Let $$E= \{x \in Q: x^2 < 2 \}$$. E is upper bounded, for example by 2. However it has no supremum. Assume that $$s \in Q$$ is a supremum for E. Clearly $$s>0$$. Also $$s \neq 2$$ since 2 has no square root in Q.
If $$s^2 < 2$$, notice that $$(s+t)^2 = s^2 + 2st + t^2 = s^2 + (2s+t)t$$, where $$t \in Q$$.
If t>0 is chosen to be small, $$s^2 +(2s+t)t<2$$. This contradicts our hypothesis that s is a supremum for E.

I am well aware that the proof is not complete (s^2 >2), but I would like to do and comprehend that by myself.
My only problem with this is where he chooses t to be small so that the expression is less than 2. How can one guarantee that it will be? Would anybody care to elaborate?

That doesn't seem complete to me. To really prove it I believe you need to find a rational t for each s.

Here is how that selection is justified:

Since s2<2, we have 2-s2=q is a positive number. There is no smallest positive number (because for positive t, t/2<t). Therefore, we must select t such that (2s+t)t<q. Can you figure it out from there?

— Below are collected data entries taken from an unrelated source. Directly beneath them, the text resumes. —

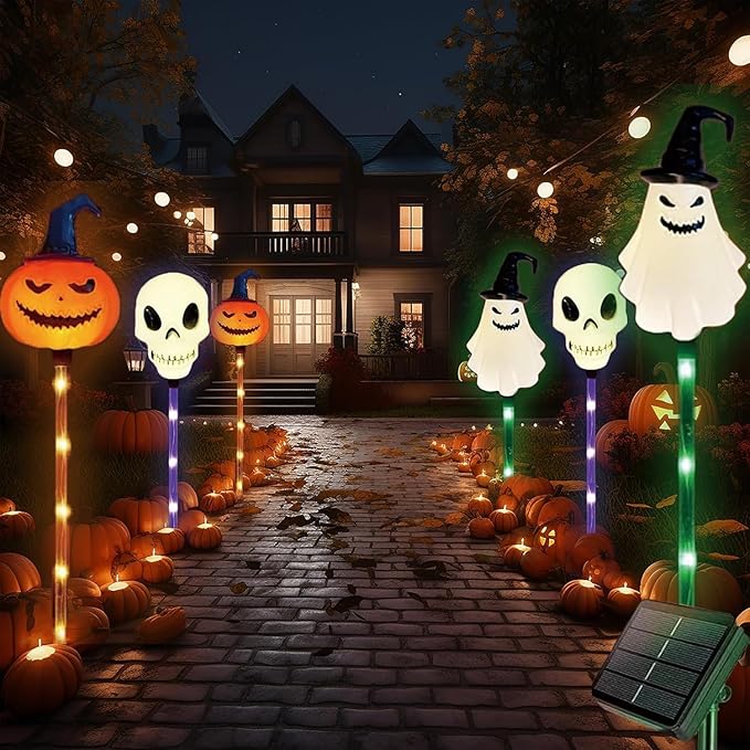 【ユニークなハロウィン装飾】2025年新モデルハロウィン 飾り ライト登場!特別な3Dカボチャ、髑髏と幽霊のデザインで、ヘッドだけでなく棒もきらきらと光ります。フェスティバルや不気味なハロウィンパーティーの雰囲気を演出します。カボチャ、髑髏と幽霊が6個セット、全長は約2.6M、小道や芝生、庭、ガーデンなどを飾ることができます。
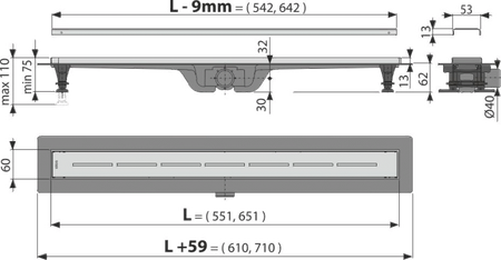 - Całkowita wysokość zabudowy: 75 - 110 mm
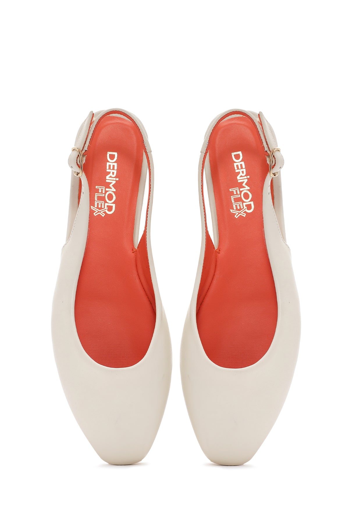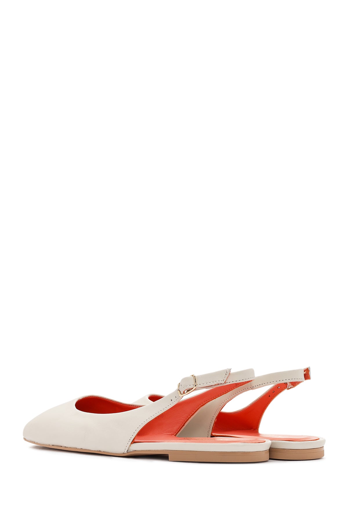 Women's Cream Open Back Leather Ballerinas
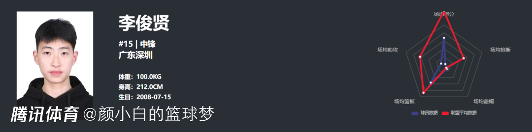 本次U17联赛,李俊贤场均26分钟,拿到17分10.7篮板(其中3.7个前场篮板)0.7助攻0.3抢断1.3盖帽,命中率高达70%,罚球命中率66.7%,虽然李俊贤三分出手很少但这个孩子能投三分,只要敢完全放他,他是真能投。
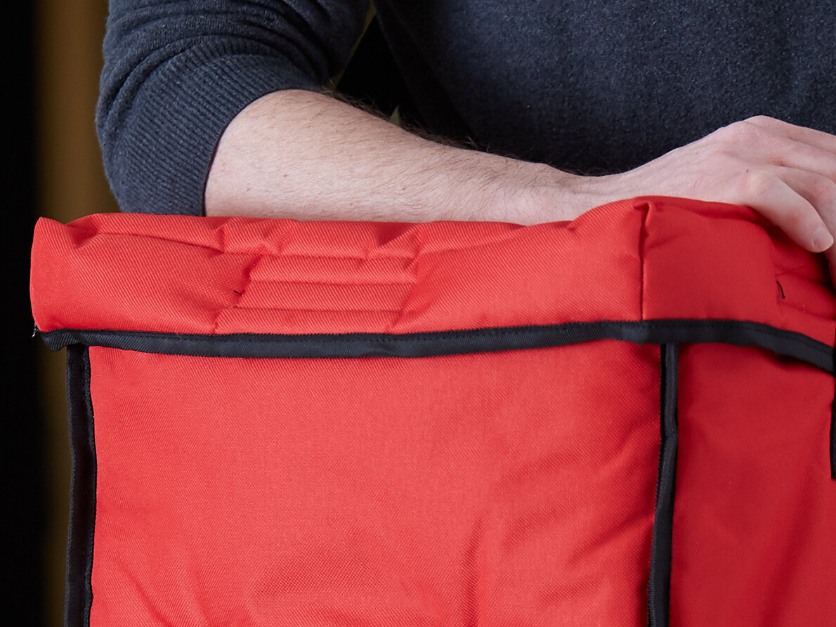 This bag folds down completely flat, taking up minimal space when not in use and making storage a breeze. It is built with an extra long hook and loop fastener to make sure your delicious pizzas and sandwiches stay in place for the duration of the delivery service. This secure closure also ensures optimal heat retention.
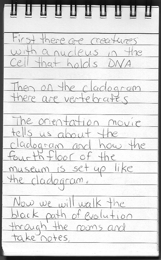 First there are creatures with a nucleus in the cell that holds DNA. Then on the cladogram there are verbetrates. The orientation movie tells us about the cladogram and how the fourth floor of the museum is set up like the cladogram. Now we will walk the black path of evolution through the rooms and take notes. |
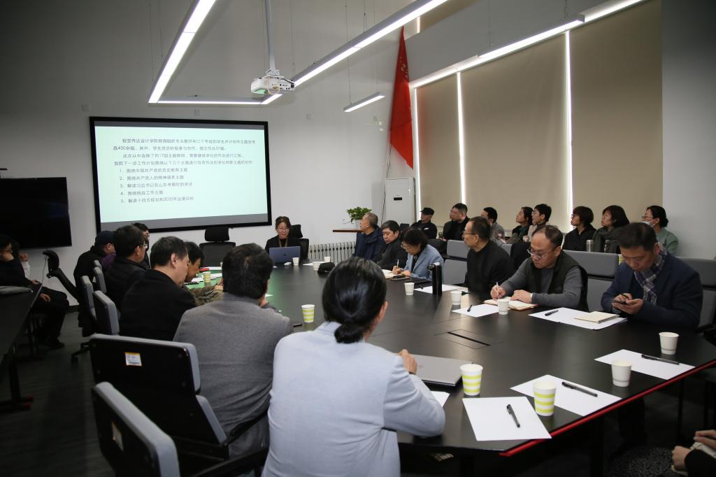 3月12日,院長(zhǎng)潘魯生先后到造型藝術(shù)學(xué)院、視覺傳達(dá)設(shè)計(jì)學(xué)院、數(shù)字藝術(shù)與傳媒學(xué)院調(diào)度指導(dǎo)“慶祝建黨一百周年 為人民而設(shè)計(jì)”主題創(chuàng)作。副院長(zhǎng)李新、董占軍,黨委委員、黨委宣傳部部長(zhǎng)韓文濤參加調(diào)研。
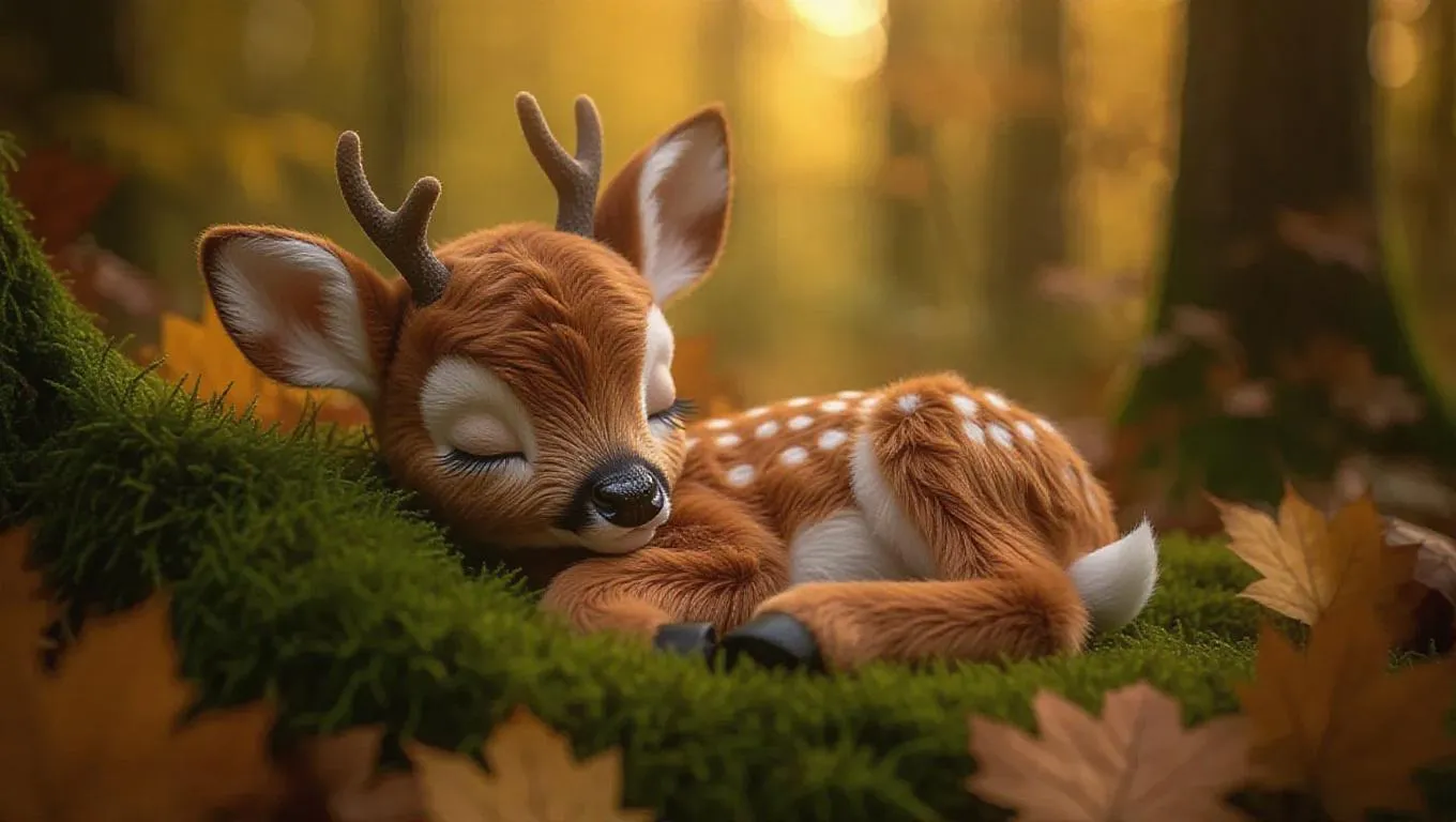 A fluffy, Jellycat-style little fawn rests curled up in a soft patch of moss in a vibrant autumn forest. Its large, watchful eyes are slowly closing, and its soft, russet-colored fur glistens in the soft fall light. The fawn's budding antlers are beginning to show, adding to its delightful appeal. The forest surrounding it is filled with warm autumn colors, creating a cozy and inviting atmosphere. The scene is rendered in rich, earthy tones, enhancing the overall cuteness and innocence of the fawn.
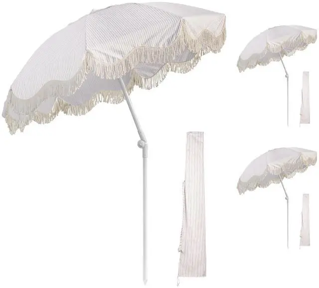 - Purple Striped Fringe Umbrella - LAGarden Set of 3 Patio Umbrellas with cotton fringes features purple-and-white stripes to evoke a playful elegance, bringing a serene charm to beaches, balconies, decks, gardens, outdoor picnics, alfresco restaurants, etc.
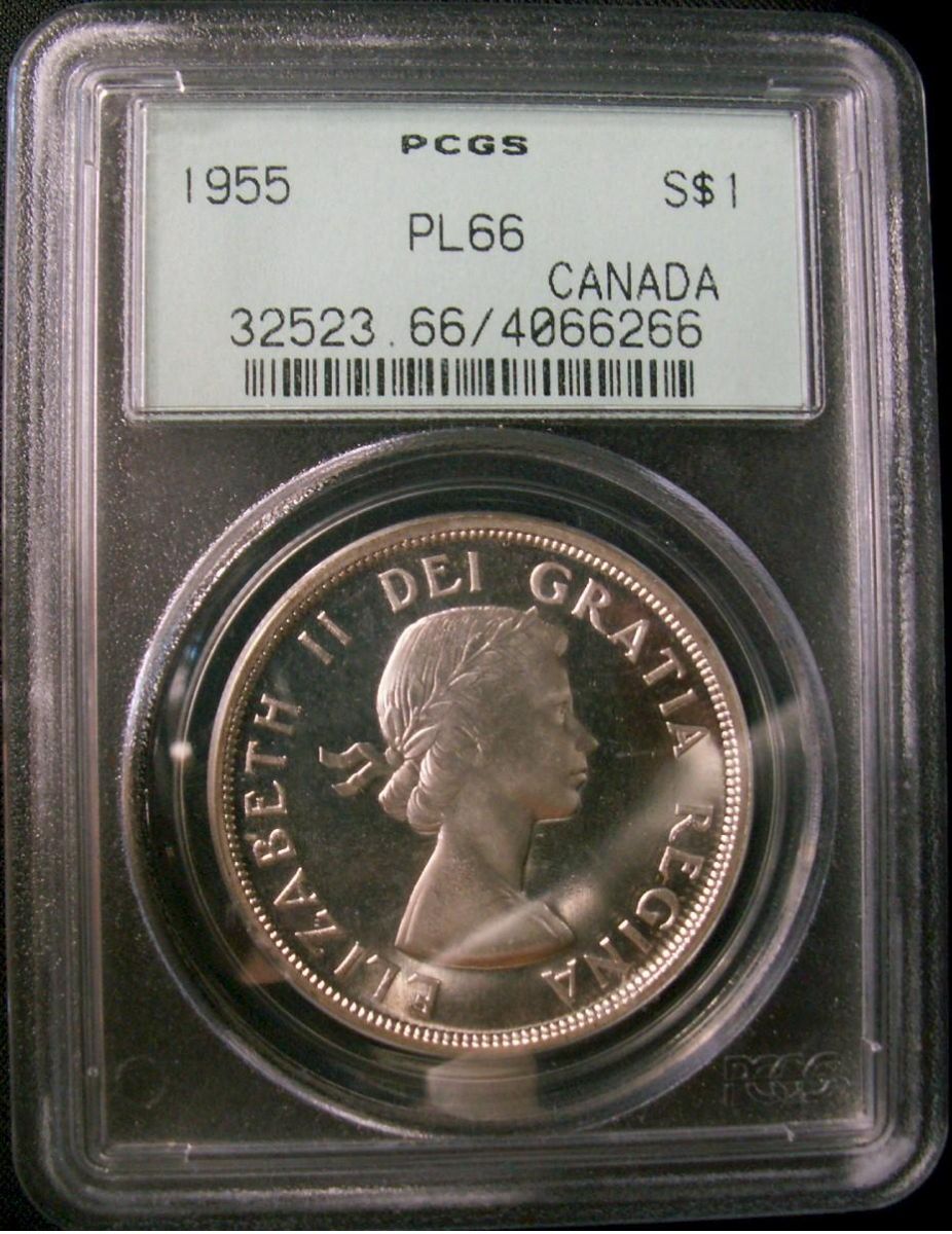 1955 $1 PCGS PL66. Gem example with Cameo finish.

From there it is just a matter of simple algebra. However I am not sure whether I got why there cannot be a smallest positive number and the relation between q and t?

Suppose t is the smallest positive number. Then t/2 is also positive, right? (positive times positive is positive). But since 1/2<1, it follows that t/2<t. This means that t is not the smallest positive number, which is a contradiction. Did that make sense? The idea is just that we can cut any number in half and get a smaller one.

As for "q," I just picked it as part of my strategy, but there are other ways to do it. In that step of the proof, we're trying to show that there's another number between s2 and 2. Since they're not equal, the difference is a positive number. (I called that number "q"). We can then pick a number smaller than q by the above, and then we can just add that number to s2. Since it's less than the "space between" s2 and 2, the new number stays less than 2.

Did that help?

Thanks! The second section of your post really opened my eyes. It helped a lot!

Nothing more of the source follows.